Here is a hypothetical example about a small jurisdiction – Tasmania – which can be used to illustrate a point.
Just say Tasmania's GDP grows by 1.5 per cent one year to $30 billion and the Tasmanian Government says, "Wow, we are obviously getting it right."
This is what typically happens on a national scale. GDP is up. We have growth. We are doing well.
But just say the 1.5 per cent "growth" of GDP – $450 million – went to just three people. Not only that, but just say these three people did not just get all the "growth in GDP" but a bit more. Let's say they got $900 million between them.
That would mean everyone else went slightly backwards, even though GDP went up.
Then we take account of the 2 per cent growth in population in Tasmania that year, so the "growth" in GDP was really a retraction per head of 0.5 per cent.
Further, we take account of inflation, so the real retraction for nearly everyone was even worse.
In fact, this is not such an extreme example. Throughout Australia our political leaders take GDP as the magic measure and pat ourselves on the back that we have had a quarter century of increases.
But we do not account for the fact that all and more of that growth is swallowed up in providing for an increased population fuelled by high immigration and that a lot of that growth is going into the pockets of a very few people so that despite the overall "growth" the vast majority are staying still or going backwards.
Meanwhile, any damage to the natural environment, from which we get nearly all our economic value, is not even measured, though it makes people worse off. Neither is any social cost of people alienated by growing inequality or the sense that a rich elite runs the show so they are not getting a fair deal.
So the official statistics say things are getting better when wider measurements would tell us that things are at best marking time.
Statistics, for most people, are rather boring, but, properly used, can be the measure of whether humanity is getting better or worse.
Mathematics, on the other hand is different. If every human being died tomorrow, E would still equal MC squared and the square of the hypotenuse of a right-angled triangle would still equal the square of the other two sides.

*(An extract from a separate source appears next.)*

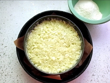 Пирог выпекала в форме диаметром 22 см. Она разъемная, между дном и бортиками зажала лист пергамента и установила в старую цельную форму. Пекла 1 час 20 минут, верх прикрыла фольгой.

But statistics would die with the humans. The statistics measure what humans do and how it affects the world's environment. If every human died tomorrow, the statistics would change radically.

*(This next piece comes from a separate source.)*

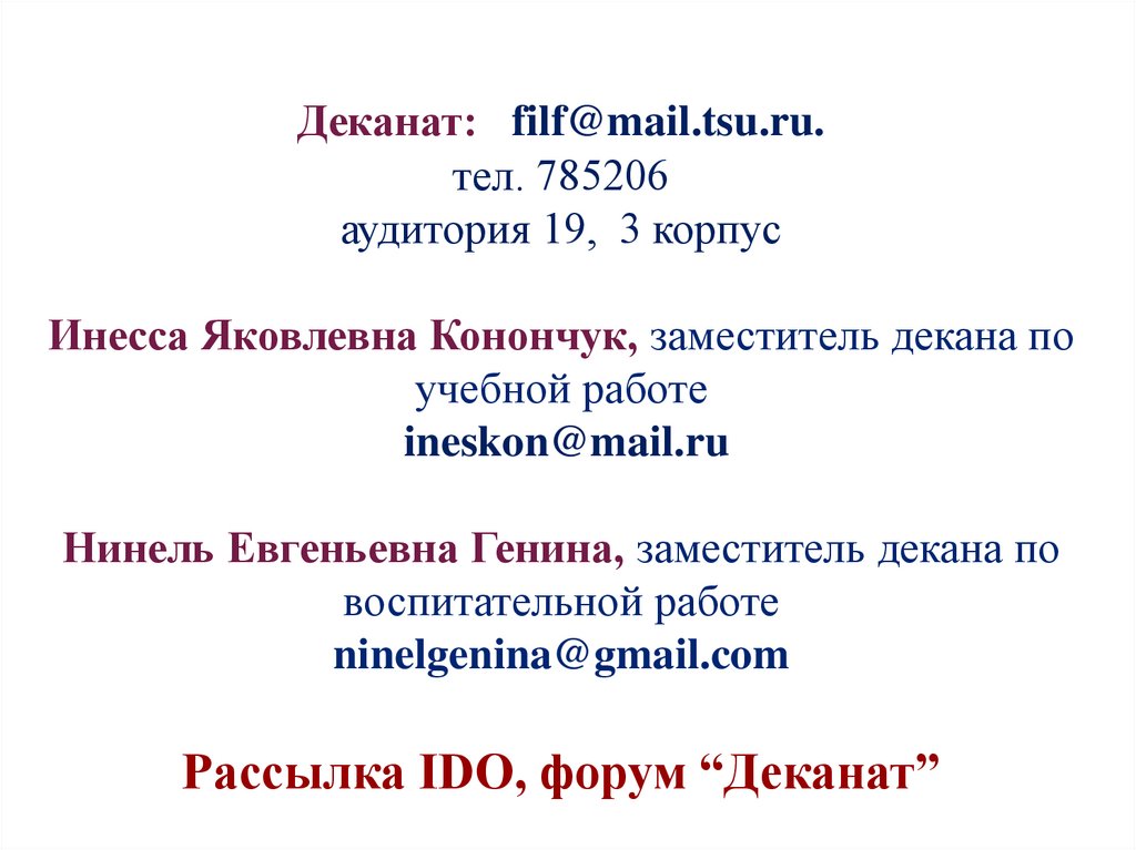 Деканат: filf@mail.tsu.ru.тел. 785206

As it happens, it is an interesting time on the statistical and measurement level. Labor MP Andrew Leigh has just published, "Randomistas", an incisive book on the use of statistically sound randomised trials to determine whether a public policy (or anything else for that matter) will work or not.

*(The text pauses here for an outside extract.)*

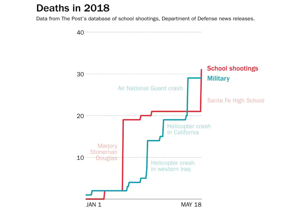 Trong những năm trở lại đây có thể thấy rõ hầu hết các vụ xả súng ở Mỹ đều xảy ra chủ yếu ở các trường học. Qua đó mới thấy thế hệ trẻ của Mỹ đang ngày càng bị ảnh hưởng tư tưởng bạo lực cộng với lối sống không lành mạnh dễ dẫn tới các hành vi cực đoan. Xem ra việc đi lính có lẽ còn an toàn hơn là việc đi học. Kết quả thống kê mới đã tiết lộ một sự thật đáng báo động, tính từ đầu năm đến nay số trẻ thiệt mạng vì bạo lực liên quan đến súng ống ở Mỹ đã vượt qua tổng số ca tử trận của lính Mỹ trên chiến trường. Dựa trên số liệu thu thập từ các thông cáo của Bộ Quốc phòng Mỹ, tờ Washington Post hôm 20.5 công bố báo cáo cho thấy số học sinh/sinh viên (không tính giáo viên, nhân viên) thiệt mạng trong các vụ xả súng ở khuôn viên trường học cao hơn hẳn số ca tử vong ở quân nhân từ đầu năm đến nay.

Nicholas Gruen of Lateral Economics will update his well-being index for Fairfax Media.
And New Zealand Prime Minister Jacinta Ahern said she would go beyond GDP and other purely economic measurements to look at how New Zealand society is progressing.
Relying on purely economic measurements allows governments to almost ignore their main purpose – improving people's lives. If something is not measured it can be ignored.
As it happens, early this decade the Australian Bureau of Statistics began what Ahern wants to do. It set out to measure Australia's progress. It did a wide consultation on what mattered to Australians. Economics was just one of four main areas of concern. The others were society, environment and governance.
Since then, we may have progressed economically, but regress has been the mark of the other areas.
Pertinently, regress in governance included the Coalition Government squeezing the ABS so much financially (and probably otherwise) that it was forced to abandon the Measuring Australia's Progress program altogether.
Gruen's well-being index may do as good or even better job, but it will not carry the same level of media attention or public credibility as an ABS series, which governments cannot ignore.
So the progress measure tells us how we have done up to now. But what about the question of what should we don now. This is where Leigh's book comes it. He looks at the way randomised trials enabled humans to move from a position where belief in supernatural causes of things was mainstream to a position where the scientific method is used to find out how things really work. Part of that method is the use of randomised trials in which, typically a new medical treatment, is given to a randomly selected half of a group and not given to the other half who get a placebo which looks exactly like the real treatment, and seeing what happens.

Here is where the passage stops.